The proposed solution
To overcome the standard RST inadequacy to perform feature selection in the context of big data, we propose our distributed Sp-RST solution. Technically, to handle a large set of data it is crucial to store all the given data set in a parallel framework and perform computations in a distributed way. Based on these requirements, we first partition the overall rough set feature selection process into a set of smaller and basic tasks that each can be processed independently. After that, we combine the generated intermediate outputs to finally build the sought result, i.e., the reduct set.
General model formalization
For feature selection, our learning problem aims to select a set of highly discriminating attributes from the initial large-scale input data set. The input base refers to the data stored in the distributed file system (DFS). To perform distributed tasks on the given DFS, a resilient distributed data set (RDD) is built. The latter can be formalized as a given information table that we name \(T_{ RDD }\). \(T_{ RDD }\) is defined via a universe \(U = \{x_1, x_2, \ldots , x_N\}\), which refers to the set of data instances (items), a large conditional feature set \(C = \{c_1, c_2, \ldots , c_V\}\) that includes all the features of the \(T_{ RDD }\) information table and finally via a decision feature D of the given learning problem. D refers to the label (also called class) of each \(T_{ RDD }\) data item and is defined as follows: \(D =\{d_1, d_2, \ldots , d_W\}\). C presents the conditional attribute pool from where the most significant attributes will be selected.
As explained in Sect. 5.1, the classical RST cannot deal with a very large number of features, which is defined as C in the \(T_{ RDD }\) information table. Thus, to ensure the scalability of our proposed algorithm when dealing with a large number of attributes, Sp-RST first partitions the input \(T_{ RDD }\) information table (the big data set) into a set of m data blocks based on splits from the conditional feature set C, i.e., m smaller data sets with a fewer number of features instead of using a single data block (\(T_{ RDD }\)) with an unmanageable C number of features that we note as \(T_{ RDD }(C)\). The key idea is to generate m smaller data sets that we name \(T_{ RDD _{(i)}}\), where \(i \in \{1, \ldots , m\}\), from the big \(T_{ RDD }\) data set, where each \(T_{ RDD _{(i)}}\) is defined via a manageable number of features r, where \(r \lll C = \{c_1, c_2, \ldots , c_V\}\) and \(r \in \{1, \ldots , V\}\). The definition of the parameter r will be further explained in what follows. We note the resulting data block as \(T_{ RDD _{(i)}}(C_r)\). This leads to the following formalization: \(T_{ RDD } = \bigcup _{i=1}^{m}T_{ RDD _{(i)}}(C_r)\), where \(r \in \{1, \ldots , V\}\). As mentioned above, r defines the number of attributes that will be considered to build every \(T_{ RDD _{(i)}}\) data block. Based on this, every \(T_{ RDD _{(i)}}\) is built using r random attributes which are selected from C. Each \(T_{ RDD _{(i)}}\) is constructed based on r distinct features as there are no common attributes between all the built \(T_{ RDD _{(i)}}\). This leads to the following formalization: \(\forall T_{ RDD _{(i)}}{:}\,\not \exists \{c_r\} = \bigcap _{i=1}^{m} T_{ RDD _{(i)}}\). Figure 2 presents this data partitioning phase.

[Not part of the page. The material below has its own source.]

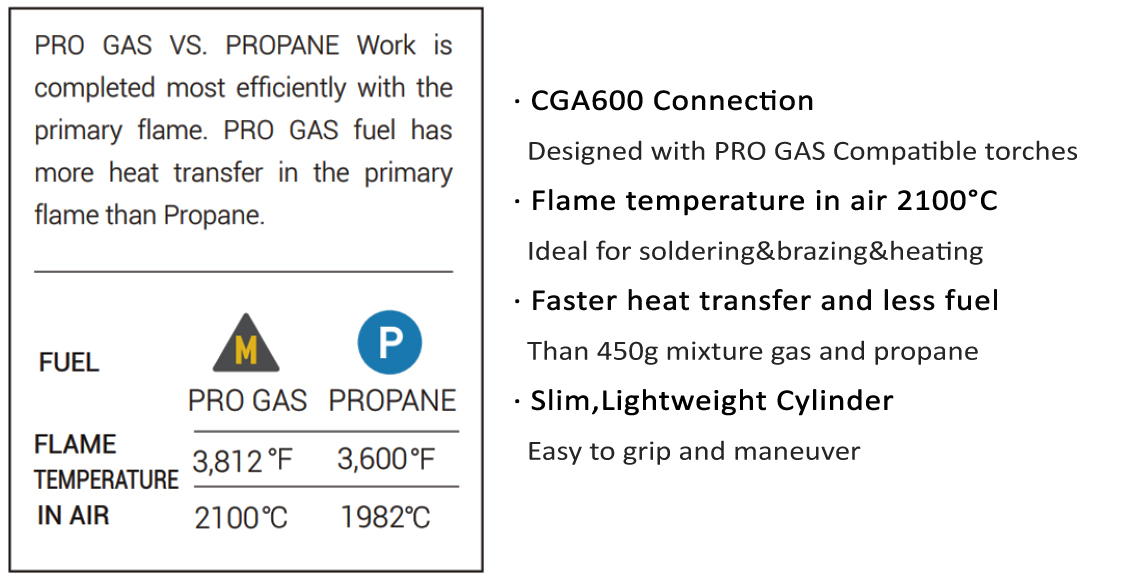 RTM 400g PRO GAS cylinder provides maximum heat output for more efficient use and faster soldering times. Designed for heavy-duty applications including soldering&brazing copper pipes,automotive repair,loosing rusted nuts and many other heat-treating applications. The slim,lightweight cylinder is easy to grip and maneuver.

With respect to the parallel implementation design, the distributed Sp-RST algorithm will be applied to every \(T_{ RDD _{(i)}}(C_r)\) while gathering all the intermediate results from the distinct m created partitions; rather than being applied to the complete \(T_{ RDD }\) that encloses the whole set C of conditional features. Based on this design, we can ensure that the algorithm can perform its feature selection task on a computable number of attributes and therefore overcome the standard rough set computational inefficiencies. The pseudocode of our proposed distributed Sp-RST solution is highlighted in Algorithm 1.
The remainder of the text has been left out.